> **DESCRIPTION OF THE TASK**: Whatever comes before the line containing "Ian Thorpe (links)" stays out; transcribe that line and all that follow to the end of the records exactly, with no pictures.

> **DATA TO USE**:
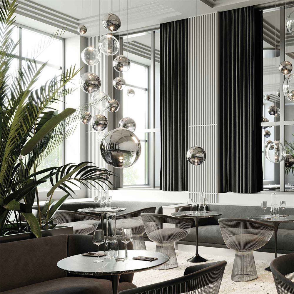 Die Lampe kann mit verschiedenen Baldachinen von LODES montiert und mit anderen Random Pendelleuchten kombiniert werden – kontaktieren Sie uns für weitere Informationen.
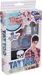 Alkoss saját, egyedi mintákat ezzel a fiúknak készült ideiglenes csillámtetováló készlettel. Tartalmaz 4 újrahasználható sablont, 3 féle csillámport, ragasztót, ecsetet és útmutatót – könnyed szórakozás 6+ éves gyerekeknek.
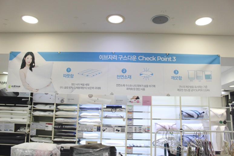 구스이블에 들어가 있으면 손도 가벼워 보이지만 따뜻한 구스 샘플이 눈송이처럼 한쪽에 매달려 있었습니다
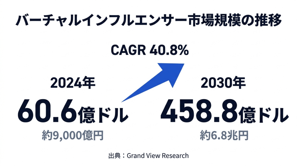 バーチャルインフルエンサー市場は、Grand View Researchの調査によると2024年時点で約60.6億ドル(約9,000億円)に達しています。2030年には458.8億ドル(約6.8兆円)に成長すると予測されており、年平均成長率(CAGR)は40.8%です。
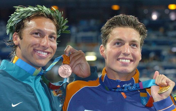 Ian Thorpe (links) naast Pieter van den Hoogenband (rechts).
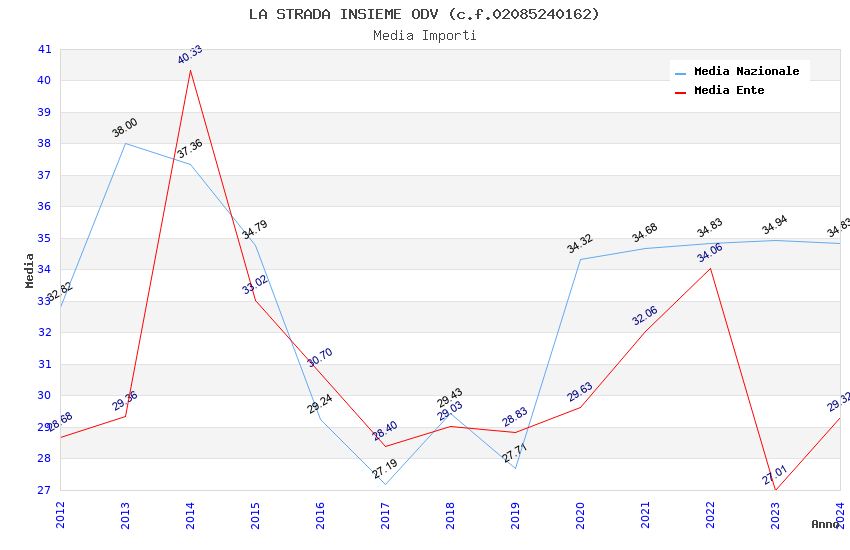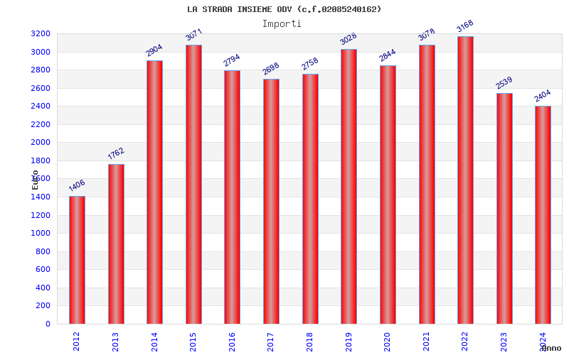 | Anno | Firme | Importi | Media | Naz. | Reg. | Prov. | Comu. |
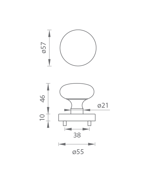 Dveřní pevná přímá koule na kulaté rozetě je vyrobena z materiálů vysoké kvality - mosaz a z hliníku a je povrchově upravena. Koule má průměr 57 mm a kulatá rozeta má průměr 55 mm a tloušťku 10 mm.

> **RESULT FOR THIS EXERCISE**:
 Ian Thorpe (links) naast Pieter van den Hoogenband (rechts).
 | Anno | Firme | Importi | Media | Naz. | Reg. | Prov. | Comu. |
 Dveřní pevná přímá koule na kulaté rozetě je vyrobena z materiálů vysoké kvality - mosaz a z hliníku a je povrchově upravena. Koule má průměr 57 mm a kulatá rozeta má průměr 55 mm a tloušťku 10 mm.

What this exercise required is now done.